Great video. I’ve used Tailscale last year as fantastic. I only wish Synology would allow that for use within their mobile apps.
You can use Synology apps no problem with tailscale. You just need the Tailscale IP address. It is frequently used for DS File and DS Photos
@@yensteel Do we still need to add the NAS ports (5000,5001) to the end of the Tailscale IP when setting up an app on our phone?
@@artstech No need. You usually don't need to open any ports.
@@yensteel I tried without adding the port and DS Cam gives me a invalid connection error. If I add the port after the colon it works.
Can you use Tailscale and Cloudflare tunnels at the same time? Or should you?
Yes you can, I setup both and work great!
Can Tailscale be used as easily to access Synology remotely on Android? If so I’m particularly keen on using it to access
my Plex collection but not sure where I’d start to configure this.
Yes, there is an Android client
You really needed to talk about exit node and advertise routes
--advertise-exit-node --advertise-routes=*LAN IP SUBNET ADDRESS*
Are there any advantages/disadvantages to running this in Docker on a NAS rather than from the Synology package centre?
Docker networking with Tailscale can be a bit of a pain sometimes. I would normally just use the build in packages
Can I use Tailscale also when connected locally whiteout decrease of speed?

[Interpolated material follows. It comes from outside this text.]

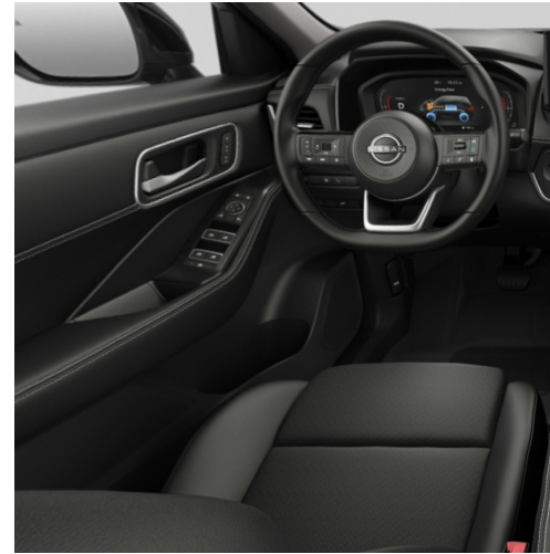
Tekna Sedili in similpelle nero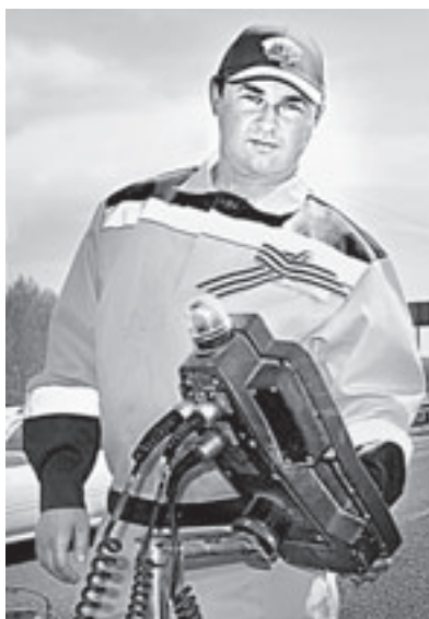
Следить за качеством помогает современная техника.

Медленно, но верно. Пожалуй, именно так можно охарактеризовать работу дорожных строителей, которые с первыми теплыми днями приступили к ремонту покрытия магистральных путей нашего края.

the NAS location's upload speed is key
@ I understand but how is it when I use it for instance with a laptop with Synology Drive. Sometimes it’s at home in the Local network and sometimes not. Should I change at home to the local ip address or it doesn’t matter? He said it’s usually working without a relay server. Point to point. In this case it should not make a difference.

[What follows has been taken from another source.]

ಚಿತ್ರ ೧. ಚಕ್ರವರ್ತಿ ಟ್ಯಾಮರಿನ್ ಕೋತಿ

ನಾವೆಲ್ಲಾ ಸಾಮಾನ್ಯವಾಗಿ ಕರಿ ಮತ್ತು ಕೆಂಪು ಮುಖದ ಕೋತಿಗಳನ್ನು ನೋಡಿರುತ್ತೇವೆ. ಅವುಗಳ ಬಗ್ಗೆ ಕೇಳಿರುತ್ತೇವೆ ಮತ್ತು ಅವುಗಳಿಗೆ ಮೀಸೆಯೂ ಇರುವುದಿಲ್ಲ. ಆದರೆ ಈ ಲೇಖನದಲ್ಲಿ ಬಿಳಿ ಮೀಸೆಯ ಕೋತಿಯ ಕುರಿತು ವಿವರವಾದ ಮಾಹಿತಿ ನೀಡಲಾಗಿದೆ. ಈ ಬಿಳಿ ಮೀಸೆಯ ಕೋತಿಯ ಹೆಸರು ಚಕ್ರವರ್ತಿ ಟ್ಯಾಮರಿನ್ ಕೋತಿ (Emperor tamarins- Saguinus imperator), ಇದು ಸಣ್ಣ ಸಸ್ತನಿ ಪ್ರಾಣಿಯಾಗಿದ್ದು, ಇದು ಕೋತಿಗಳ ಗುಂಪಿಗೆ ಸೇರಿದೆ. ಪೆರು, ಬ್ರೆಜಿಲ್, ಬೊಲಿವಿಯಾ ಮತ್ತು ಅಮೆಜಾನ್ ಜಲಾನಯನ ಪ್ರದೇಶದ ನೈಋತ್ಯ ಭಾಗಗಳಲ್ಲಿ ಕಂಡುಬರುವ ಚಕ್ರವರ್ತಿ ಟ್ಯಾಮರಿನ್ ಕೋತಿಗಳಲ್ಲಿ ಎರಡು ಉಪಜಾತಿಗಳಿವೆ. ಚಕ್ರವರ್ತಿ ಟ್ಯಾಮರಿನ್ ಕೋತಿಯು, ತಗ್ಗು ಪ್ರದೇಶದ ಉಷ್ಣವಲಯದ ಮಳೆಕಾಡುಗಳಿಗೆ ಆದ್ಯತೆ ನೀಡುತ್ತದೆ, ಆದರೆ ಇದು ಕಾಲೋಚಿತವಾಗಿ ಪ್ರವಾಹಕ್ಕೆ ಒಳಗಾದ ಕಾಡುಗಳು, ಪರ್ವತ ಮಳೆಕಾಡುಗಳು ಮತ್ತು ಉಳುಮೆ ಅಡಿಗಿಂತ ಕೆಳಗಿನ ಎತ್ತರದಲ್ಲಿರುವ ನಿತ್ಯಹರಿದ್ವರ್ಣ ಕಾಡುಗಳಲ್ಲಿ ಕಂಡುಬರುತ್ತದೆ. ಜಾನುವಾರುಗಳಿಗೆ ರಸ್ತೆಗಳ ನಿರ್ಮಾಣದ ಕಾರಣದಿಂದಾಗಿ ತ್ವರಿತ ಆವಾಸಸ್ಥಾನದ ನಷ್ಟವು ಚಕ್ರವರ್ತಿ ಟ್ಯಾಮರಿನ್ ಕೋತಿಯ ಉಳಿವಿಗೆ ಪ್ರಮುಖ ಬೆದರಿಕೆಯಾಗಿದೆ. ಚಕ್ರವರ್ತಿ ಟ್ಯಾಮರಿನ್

How would you use this with the DS File mobile app? Just put the Tailscale IP where the Quickconnect ID goes?
Yes, just put it there with your username and password.
I set up tailscale a few months ago after wendell from level1techs mentioned it, it was so easy I couldn't believe it.

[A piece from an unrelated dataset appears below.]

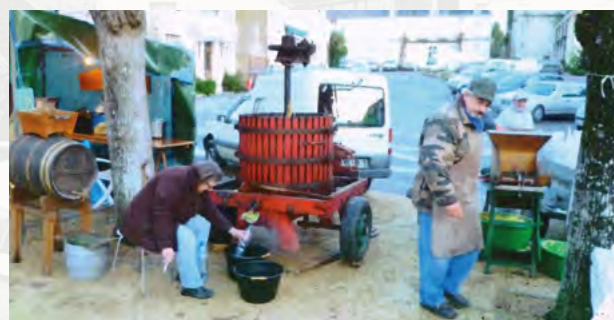
Le marché de Noël existe depuis 2005

Il y eut au maximum 14 foires: une chaque mois et une deuxième en Mai et en Octobre. Après leur disparition, deux foires ont été relancées en 1980 : la foire des oisons du 2 Mai et celle des chrysanthèmes avec une brocante le dernier dimanche d'Octobre.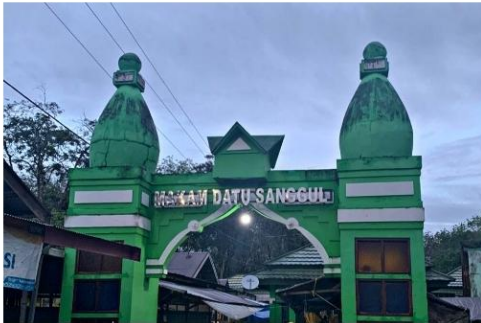
Makam Syekh Abdussomad Sirajul Huda (Datu Sanggul) dari luar.

Thanks for the awesome information! If I install Tailscale on my Synology and shut off QuickConnect will it break my Synology Photo backups?
Tailscale is awesome. I do wish they could do full functionality on the official Synology release including subnets. There’s hacks to get it to work with a cron entry to kill some of the default Synology routing.
Which is better this or a cloudfare tunnel?
if its just you accessing, this is much more secure
I always thought Tailscale is a mesh network VPN, and not direct device to device! I do use it to backup my everyday NAS to a remote NAS through Hyperbackup and it works great for that, but I've never managed to get it to work with any other Synology apps, not even DSM! So far, for me at least, a very nice compliment to my backup routine but not a replacement for Quickconnect, or even close. p.s. you can have a task to auto run the the Tailscale script on reboot.
I used the tutorial and I got UNDEF username connecting issue on my DS1522, not able to connecte to VPN. First VPN server linked to 10GB NIC, later I found this was cause root of the issue. I reconfigured link to Bond NIC with 1st and 2nd built-in NICs, then connection successfully established. Before linking NIC to VPN Server check for Network -> Static Route -> IP Routing Table -> Main Table, then consider to use default NIC with gateway 192.168.0.1.
Anyone knows how to remotely access synology services like jellyfin using Tailscale?
good luck giving access to the family photos or files. most people don’t know and won’t remember to turn on a vpn 😔
Very relatable! In a class for Blockchain, Zerotier was the workaround for the uni's wifi's forced isolation. Some students refused to install it for security concerns.
How’s it goin yall
I'll stick with Wireguard
Free, easy, secure,…..what’s not to like?
just 1 note really easily blocked by firewall really. you will not be able to use it in a corporate.
No serious IT professional would ever recommend you put your VPN in another company’s hands. Run your own VPN!